= Chen Cun =

Chinese novelist

Yang Yihua (杨遗华; born 1954), who writes under the pen name Chen Cun (陈村), is a Hui Chinese novelist known for his stories about the zhiqing experience during the Cultural Revolution. He is also one of the pioneers of electronic literature in China.

==Biography==
Yang Yihua was born in Shanghai in 1954. His father, a Han Chinese factory worker, died a few months before the future writer was born. He was raised by his mother, at that time an active Hui Muslim, although she later abandoned the practice of Islam during the Cultural Revolution. The writer still identifies himself as a Hui, and a "half-Muslim," although he does not worship in any mosque either.

At the time of the Cultural Revolution, the intermediary school he was attending was closed and he was sent to work in a factory and then as an assistant barber. The school was then reopened, but after obtaining his certificate, he became part of the zhiqing experiment and in 1971 was sent to a rural area near Wuwei, Anhui, where he settled in a village called Chen Cun, whose name he will later adopt as a literary pseudonym.

He acquired some agricultural skills there, but also started writing short stories, although he did not find a magazine ready to publish them. In 1975, he was diagnosed with a degenerative rheumatic disease and sent back to Shanghai. He had to walk with crutches and was assigned to work in a factory with other handicapped people. After the Cultural Revolution, Shanghai Normal University opened again in 1977, and he enrolled in a course of Political Education. His condition, however, worsened and he tried to commit suicide in 1978, although he later learned to live with his illness and found solace in creative writing.

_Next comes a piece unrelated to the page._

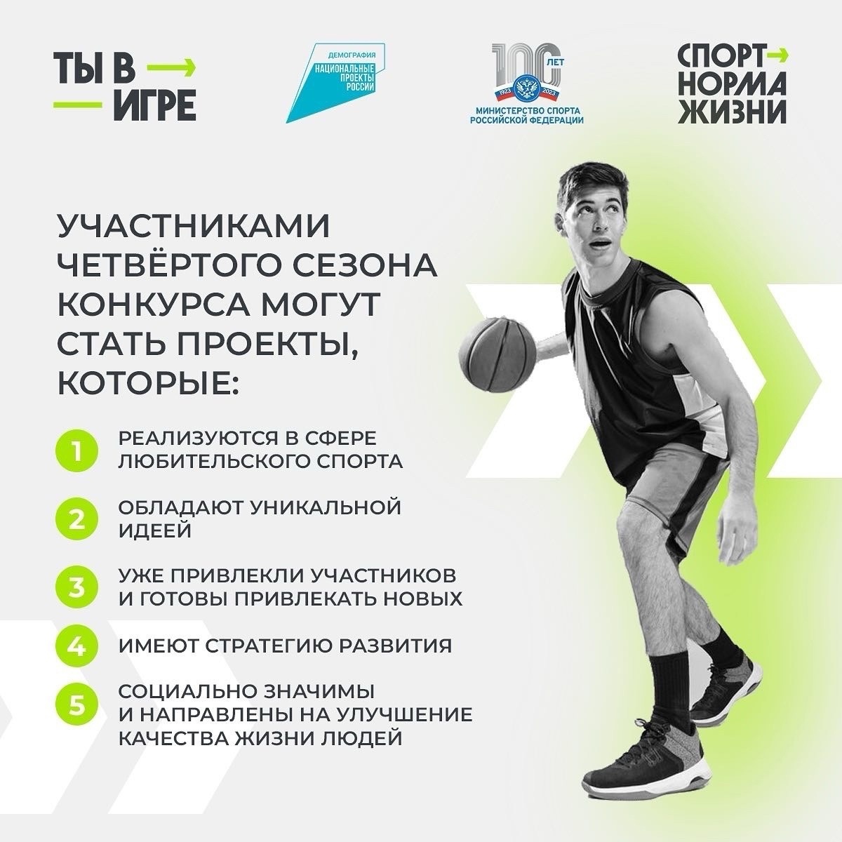 31.01.2024На ВДНХ презентовали фильм-путеводитель по спортивному туризму в России21 января на Международной выставке-форуме “Россия” был презентован фильм-путеводитель по спортивному туризму в России, в который вошли проекты-участники новой номинации “Спортивный туризм” Всероссийского конкурса спортивных проектов “Ты в игре”.“За три предыдущих сезона в конкурсе приняло участие более 11 тысяч проектов со всей России. Мы обратили внимание, что у многих людей, которые узнают о конкурсе, большой интерес вызывают проекты, связанные именно со спортивным туризмом», - отметила во время презентации вице-президент федерации триатлона России, официальный амбассадор IRONMAN RUSSIA, член Экспертного совета Всероссийского конкурса спортивных проектов «Ты в игре» Виктория Шубина.В номинации “Спортивный туризм” могут принять участие действующие проекты, которые развивают спортивный туризм и стимулируют создание инфраструктуры для него: трейл в горах Башкирии, забег в яблоневом саду Калининградской области или по льду озера Байкал, гонки на собачьих упряжках на Камчатке, рафтинг в Иркутской области. За первый месяц заявочной кампании на конкурс были поданы проекты самого разного масштаба и географии. Все они становятся частью энциклопедии спортивного туризма, которая представлена на сайте конкурса.“В фильм вошла лишь малая часть проектов, которые были поданы на конкурс в четвертом сезоне. Уже сейчас для нас очевидно, что номинация станет не только одной из самых популярных, но и позволит каждому жителю России узнать больше о ландшафте спортивного туризма в нашей стране”, - добавила Виктория Шубина.Завершилась презентация розыгрышем трех призов, предоставленных участниками конкурса “Ты в игре”. Полуфиналист третьего сезона в номинации “Масштаб” и участник четвертого сезона в номинации “Спортивный туризм” проект “Паруса нашей Родины” разыграл сертификат на участие в ознакомительном мастер-классе по управлению парусным катамараном. Спортивный горный фестиваль "Малидак" - победитель второго сезона "Ты в игре" в номинации "Масштаб" - бесплатное участие в фестивале, который состоится в августе в Республике Башкортостан. А новичок конкурса уникальный “Сырный трейл” – слоты на участие в июльском забеге._____________________Фильм вы можете скачать по ссылке: https://disk.yandex.ru/d/SA9jb2tgPociBQЗапросить дополнительные материалы или комментарии спикеров вы можете в пресс-службе конкурса “Ты в игре”._____________________Прием заявок для участия в четвертом сезоне Всероссийского конкурса спортивных проектов «Ты в игре» продлится до 11 февраля 2024 года.Победители в каждой из основных номинаций конкурса получат 300 000 рублей на развитие своих проектов. А лучший проект сезона – гран-при размером 1 000 000 рублей.Поддержка спортивных проектов, направленных на увеличение занимающихся спортом жителей страны - одна из приоритетных задач федерального проекта «Спорт-норма жизни» национального проекта «Демография», который реализуется по решению Президента России Владимира Путина.Подробная информация о четвертом сезоне «Ты в игре» публикуется на официальном сайте конкурса тывигре.рф

He graduated in 1980 and started working as a teacher, but in 1983 the success of his short stories published under the pen name Chen Cun persuaded him that he could be a full-time writer, a position he has maintained with the support of the Shanghai Writers Association.

==Zhiqing tales==
His zhiqing experience is at the center of a significant part of Chen Cun's production. His approach was original with respect to both the scar literature denouncing the horrors of the Cultural Revolution and the Maoist propaganda praising its good intentions. Chen Cun exhibited a "love-hate" relationship both with the policies of the Chinese Communist Party and the zhiqing experiment.

In 1980, with I Have Lived There Before (我曾经在这里生活), Chen Cun produced one of the first tales where a student after the Cultural Revolution comes back to visit the village where he used to work as a zhiqing, a theme that many other writers of the same generation will also address in the following years. The narrator, a student, remembers when he was sent to a small village from Shanghai with another five zhiqing, including his friend Dashu and a beautiful girl called Xiaowen. Both the narrator, Maomao, and Dashu fall in love with Xiaowen, and a rivalry develops. Xiaowen prefers Maomao, but he is diagnosed with cancer and sent back to Shanghai. Six years later, with his health improved, Maomao travels back to the village and discovers that Xiaowen has married Dashu and they have a four-year-old daughter. Maomao is angry at Dashu until the child tells him that his mother is dead, drowned in a river. At this stage, nostalgia and compassion replace anger.

There are autobiographical references in I Have Lived There Before, as well as in The Past (从前), a novel Chen Cun wrote in 1983 and published in 1985 about a young man who comes to understand that, for all its repressive and unpleasant features, being compelled to become a zhiqing helped him to come of age. In another novel also written in 1983, but published in 1986, Day Students (住读生), and in the award-winning 1986 short story Death (死), Chen Cun came closer to the scar literature. In Day Students, he denounced the fanaticism of these former zhiqing that still exalted and practiced the violence of the Cultural Revolution after it had long ended. In Death, he portrayed the last days of his mentor, Shanghai intellectual and translator from French Fu Lei, who committed suicide together with his wife at the beginning of the Cultural Revolution.

==Internet literature==
In the 1990s, Chen Cun identified more and more with the avant-garde experimenting with new uses of the language, including by following ordinary Chinese and telling in great details the routines of their daily lives. By the end of the decade, he had reached the conclusion that the Internet offered to the avant-garde a unique opportunity to experiment with the language, with a freedom impossible in printed books that need approval from editors and publishers.

From 1999 on, he produced mostly Web fiction and was even hailed as "the godfather" of web literature in China.

From 1999 to 2002, he worked as the chief artistic officer for literature website Under the Banyan Tree, and had Wang Anyi, Jia Pingwa, and Yu Hua serve as referees for the website's first original internet literature contest.

By the second decade of the 21st century he started being less optimistic about the Internet, and suggested that with the overload of information there the heydays of electronic literature may have passed.